What is wanted is every line below from the one with "电子门牌主要用于酒店客房,是" up to and including the one with "caricamento a pistone, monta", retyped exactly, pictures excluded, nothing else.
[Start of Attachment]
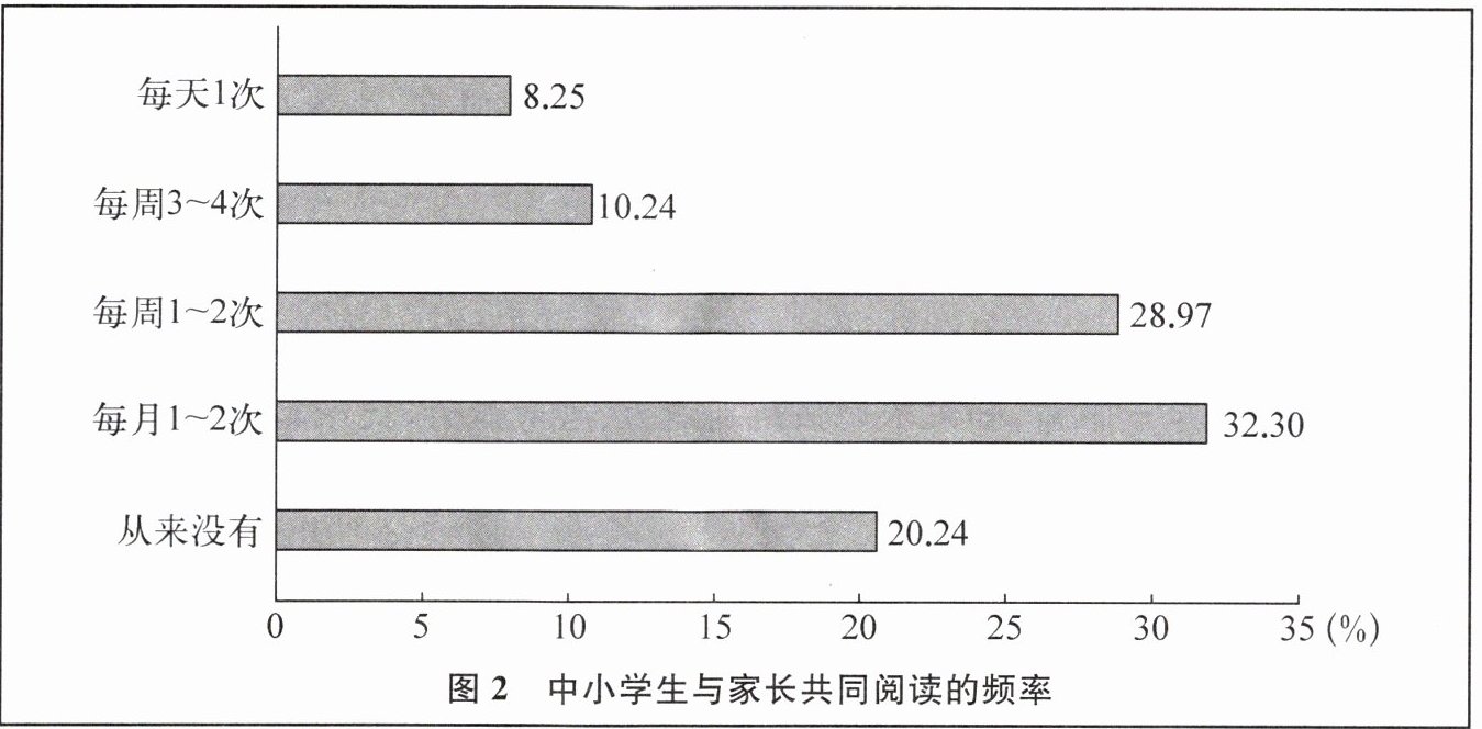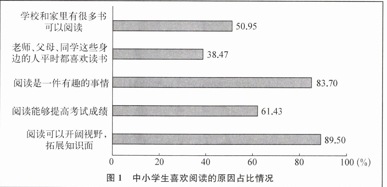 1. ①家庭和学校在培养中小学生的阅读兴趣和习惯方面具有重要作用;②中小学生喜欢阅读的最主要原因是阅读可以开阔视野,拓展知识面;③大部分中小学生的阅读兴趣比较浓厚;④大部分家庭可以做到每月进行亲子共读,其中部分家庭的亲子共读频率较高。(每点2分,答出三点即可)
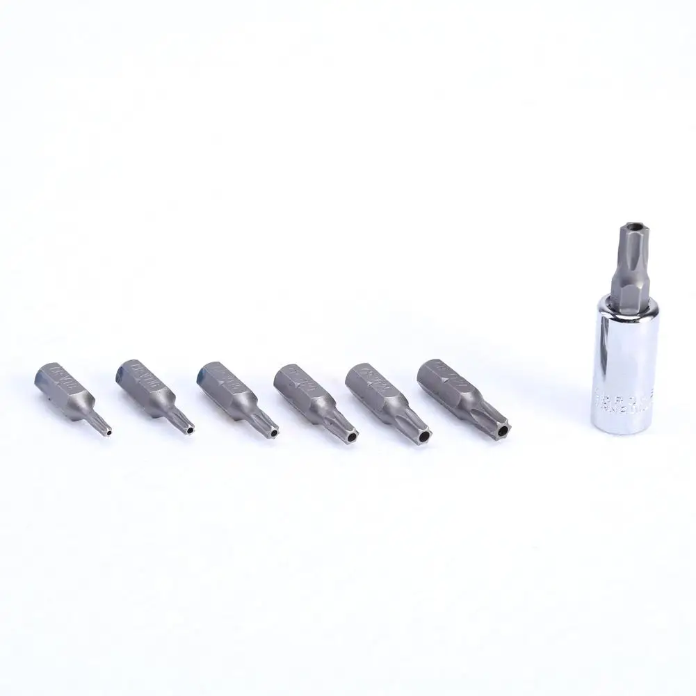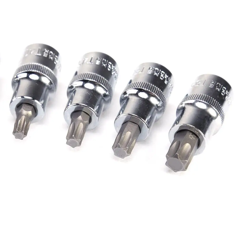 Технические характеристики 1/4 "Привод женский torx розетки e4 / e5 / e6 / e7 и e8 3/8 "Привод женский torx розетки e10 / e12 / e14 / e16 / e18 и e20 Штыревые торксы 1/4 "t8 / t10 / t15 / t20 / t25 / t27 и t30 3/8 "Привод торкса гнезда t10 / t15 / t20 / t25 и t27 1/2 "Привод торкса гнезда t30 / t40 / t45 / t50 и t55 Держатель Бит для привода 1/4"
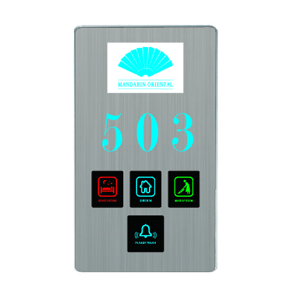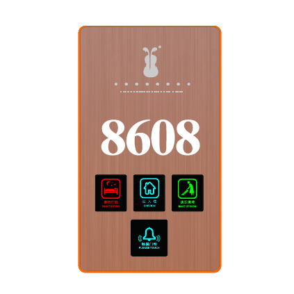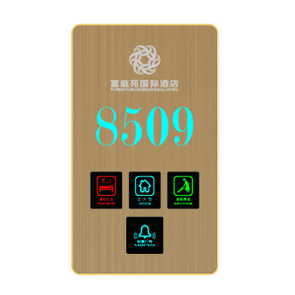 电子门牌主要用于酒店客房,是酒店给客房主人提供的清晰、简单的人性化服务,使客人轻松拥有属于自己的空间,功能包括请勿打扰,请即清理、请稍候,门铃开关、房号显示,电子门牌极具人性化设计,让客房内外沟通随心所欲。
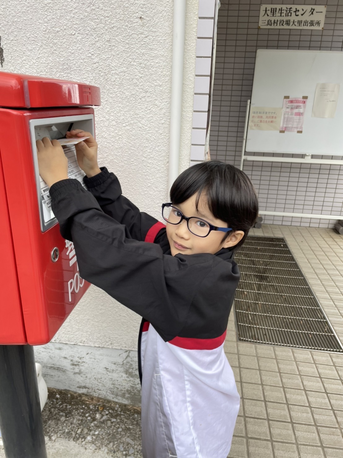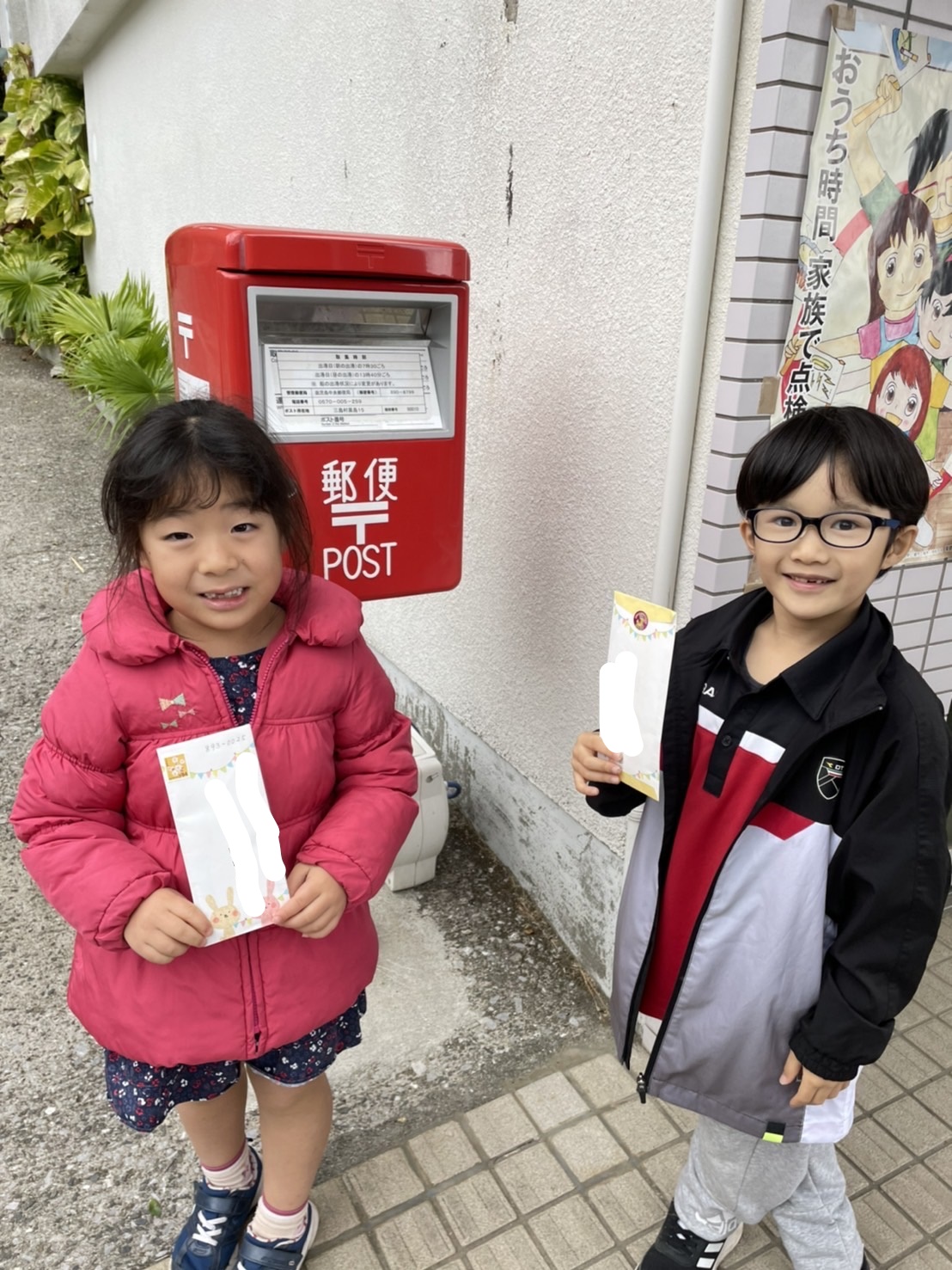 1年生は,国語の授業で郵便局にお手紙を出しに行きました。
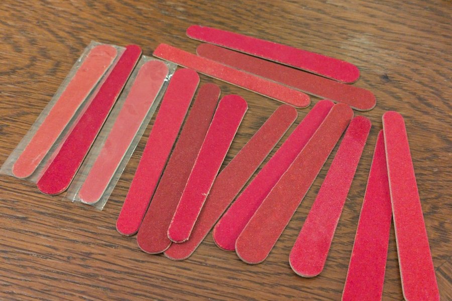 Detta är ett 15-pack nagelfilar i rött. Några filar är individuellt förpackade i plast.
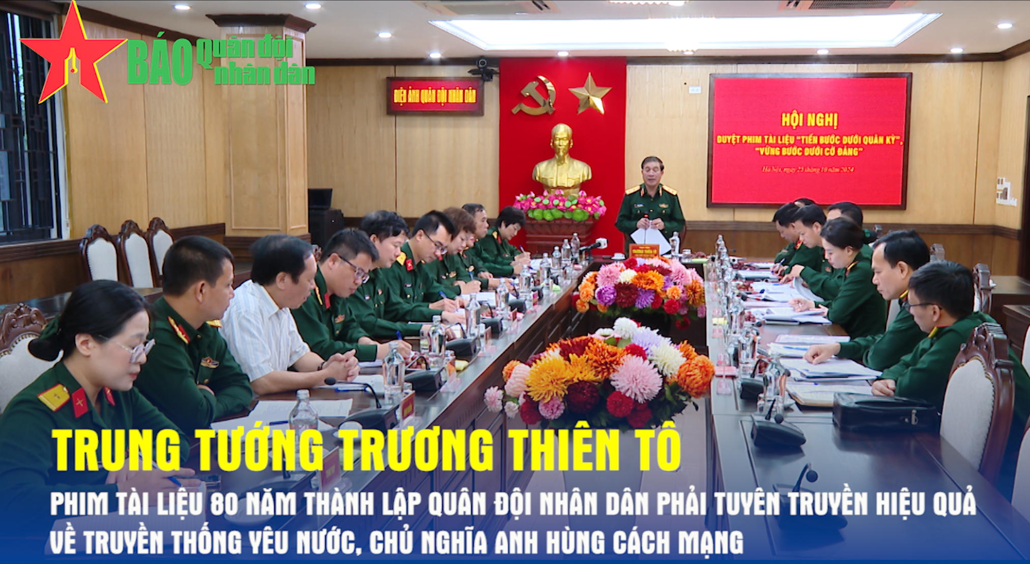 Chiều 25-10, Trung tướng Trương Thiên Tô, Phó chủ nhiệm Tổng cục Chính trị Quân đội nhân dân (QĐND) Việt Nam chủ trì hội nghị duyệt hai phim tài liệu “Tiến bước dưới Quân kỳ” và “Vững bước dưới cờ Đảng” do Điện ảnh QĐND sản xuất.
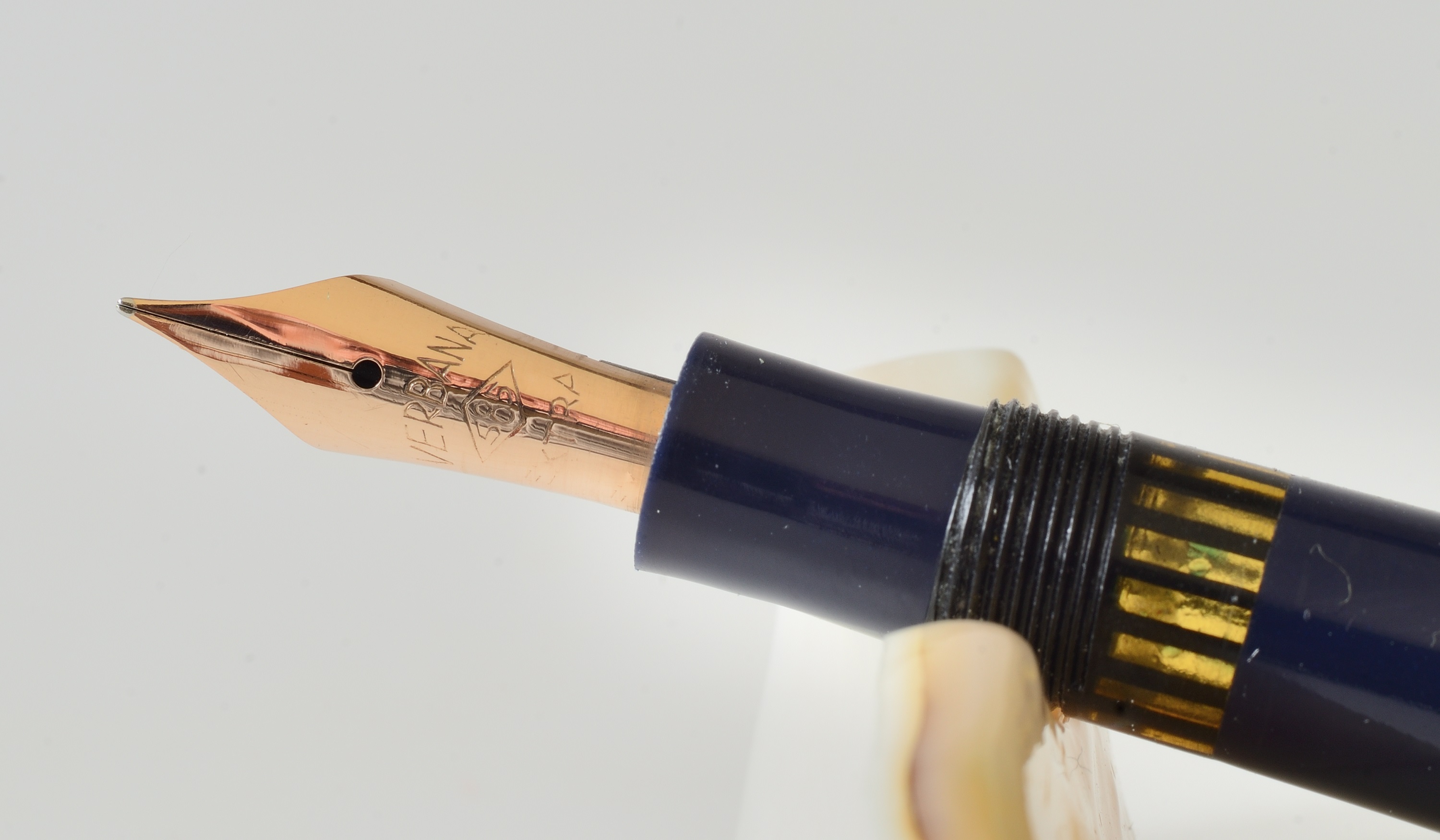 caricamento a pistone, monta un pennino in oro 14k Verbana Extra, probabilmente non originale
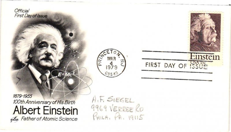Offered is a first day cover for #1774 Albert Einstein – Artcraft Cachet SC22 – addressed – addressee may vary – zoom in for condition - NOTE SCANNER MAY CUT OFF TOP OR BOTTOM OF CACHET IN SCAN ONLY. May have some foxing.Seller Information
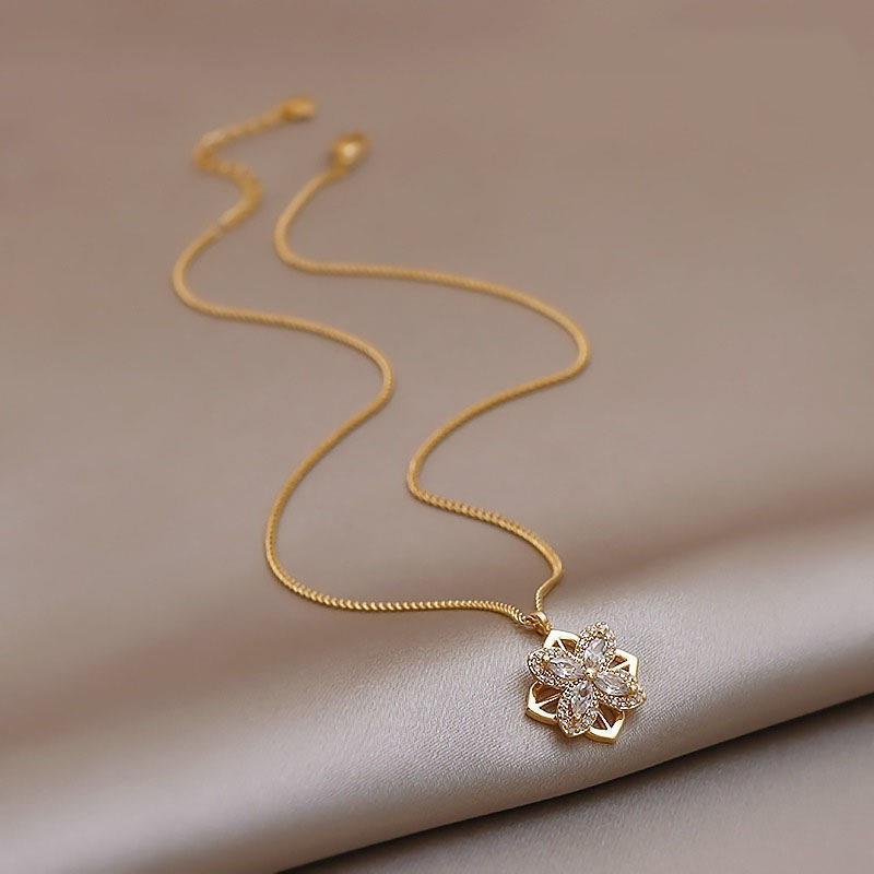 Главная страница > Французский стиль Элегантный простой золотой вращающийся четырехлистный цветок Холодный стиль Легкая Роскошная цепочка ключицы Европейская и американская тенденция
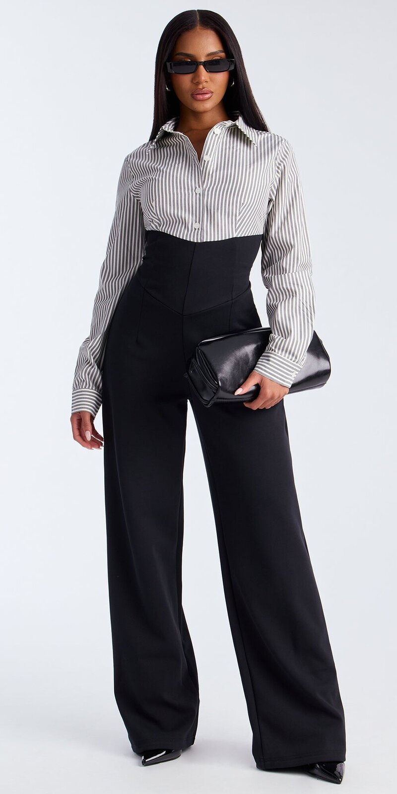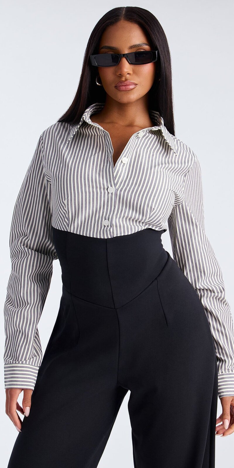 Overal Paola v čiernom pásikavom prevedení prináša prepracovaný biznis-chic vzhľad s nádychom ženskosti. Dlhé rukávy, zapínanie na gombíky a precízne tvarovaný pás vytvárajú lichotivú siluetu vhodnú na pracovné stretnutia aj spoločenské príležitosti.
[End of Attachment]
- [ANSWER TO THE PROBLEM]
 电子门牌主要用于酒店客房,是酒店给客房主人提供的清晰、简单的人性化服务,使客人轻松拥有属于自己的空间,功能包括请勿打扰,请即清理、请稍候,门铃开关、房号显示,电子门牌极具人性化设计,让客房内外沟通随心所欲。
 1年生は,国語の授業で郵便局にお手紙を出しに行きました。
 Detta är ett 15-pack nagelfilar i rött. Några filar är individuellt förpackade i plast.
 Chiều 25-10, Trung tướng Trương Thiên Tô, Phó chủ nhiệm Tổng cục Chính trị Quân đội nhân dân (QĐND) Việt Nam chủ trì hội nghị duyệt hai phim tài liệu “Tiến bước dưới Quân kỳ” và “Vững bước dưới cờ Đảng” do Điện ảnh QĐND sản xuất.
 caricamento a pistone, monta un pennino in oro 14k Verbana Extra, probabilmente non originale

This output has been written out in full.